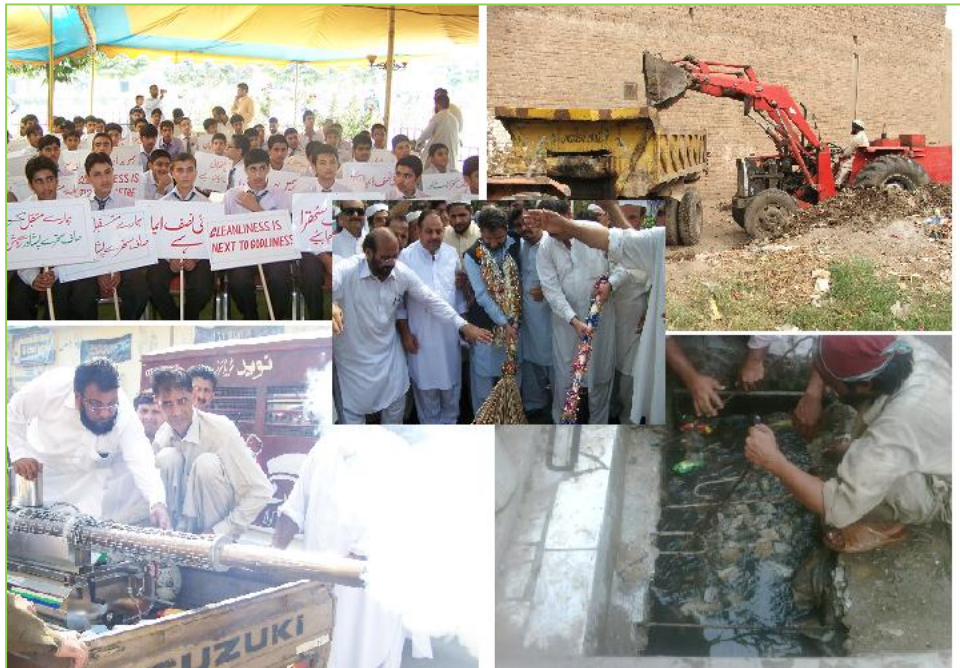
LGE & RDD, a journey of change

Local Government, Elections and Rural Development Department, Khyber Pakhtunkhwa is working for realigning provincial policies and local government systems towards results. Community participation is encouraged for sake of good governance and feel of change at their door steps.
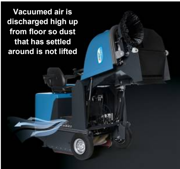
Vacuumed air is discharged high up from floor so dust that has settled around is not lifted
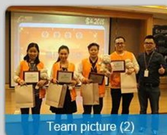
Team picture (2)
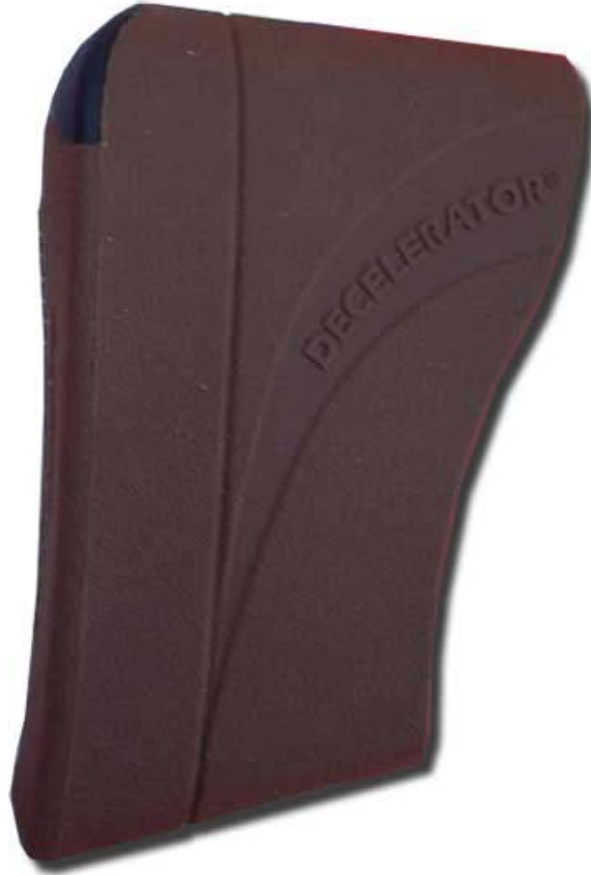
Figure 1 Pachmayer® Decelerator® slip-on recoil pad

The Pachmayer® Decelerator® slip-on recoil pad is simply an amazing product! Its ability to absorb recoil is far beyond that of simple rubber or pliable plastic materials. Pachmayer® began making Decelerator® pads in the 1980's to their standard configurations. That is, one bought a pad slightly larger than needed, and attached it to the butt stock of their rifle. Lastly, the excess material was ground off so it to fit the shape of the butt stock.
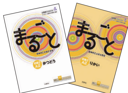
Marugoto: Japanese-language and Culture (Elementary 2 (A2) - coursebook for communicative language activities: Katsudo / coursebook for communicative language competences: Rikai)
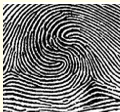
Figure 15: (9) Counterclockwise.

Yin and Yang double loop whorl formation types
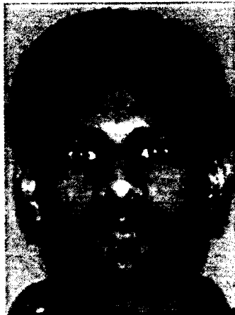
Nawaf Mohamed Salem ALHAZMI

American Airlines #77 Dulles Intl to Los Angeles Pentagon
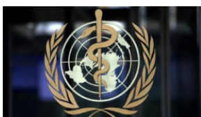
Trolls get creative after WHO censors Taiwan

According to eyewitnesses, it was the gunshot that attracted the attention of the youths, most of whom were Okada riders, who gave him a hot chase, caught up with him at Otukpo road, near Hotel Bobec and set him ablaze.
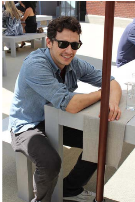
James Franco
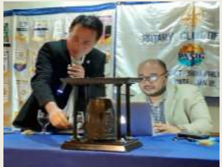
A handshake followed by adjournment.
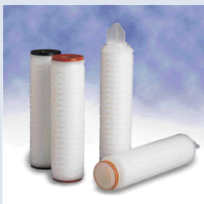
Liquid flow rate per 10 filter cartridge
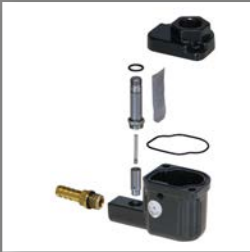
Easy to service

+++

Problem requirements: Transcribe exactly the lines from the one containing "According to eyewitnesses, it" through the last line of the records above, and nothing else. Leave out the pictures.

Your solution:
According to eyewitnesses, it was the gunshot that attracted the attention of the youths, most of whom were Okada riders, who gave him a hot chase, caught up with him at Otukpo road, near Hotel Bobec and set him ablaze.
James Franco
A handshake followed by adjournment.
Liquid flow rate per 10 filter cartridge
Easy to service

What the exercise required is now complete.